▼▼▼

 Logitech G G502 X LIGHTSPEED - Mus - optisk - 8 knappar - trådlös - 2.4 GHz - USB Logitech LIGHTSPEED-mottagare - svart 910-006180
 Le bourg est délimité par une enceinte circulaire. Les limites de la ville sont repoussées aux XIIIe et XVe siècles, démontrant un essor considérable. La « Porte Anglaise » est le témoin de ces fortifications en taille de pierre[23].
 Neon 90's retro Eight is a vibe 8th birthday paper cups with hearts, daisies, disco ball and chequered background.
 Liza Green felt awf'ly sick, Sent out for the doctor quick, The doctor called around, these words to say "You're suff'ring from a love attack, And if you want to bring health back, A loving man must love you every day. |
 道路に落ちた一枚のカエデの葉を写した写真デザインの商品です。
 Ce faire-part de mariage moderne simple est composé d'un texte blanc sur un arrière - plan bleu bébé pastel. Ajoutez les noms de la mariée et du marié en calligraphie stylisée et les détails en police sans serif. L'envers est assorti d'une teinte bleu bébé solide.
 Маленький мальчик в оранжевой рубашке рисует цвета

▲▲▲

WORK INSTRUCTION:
At the line containing "Neon 90's retro", start transcribing exactly, and continue through the last line of the listing. Stop there and add nothing.

YOUR SOLUTION:
 Neon 90's retro Eight is a vibe 8th birthday paper cups with hearts, daisies, disco ball and chequered background.
 Liza Green felt awf'ly sick, Sent out for the doctor quick, The doctor called around, these words to say "You're suff'ring from a love attack, And if you want to bring health back, A loving man must love you every day. |
 道路に落ちた一枚のカエデの葉を写した写真デザインの商品です。
 Ce faire-part de mariage moderne simple est composé d'un texte blanc sur un arrière - plan bleu bébé pastel. Ajoutez les noms de la mariée et du marié en calligraphie stylisée et les détails en police sans serif. L'envers est assorti d'une teinte bleu bébé solide.
 Маленький мальчик в оранжевой рубашке рисует цвета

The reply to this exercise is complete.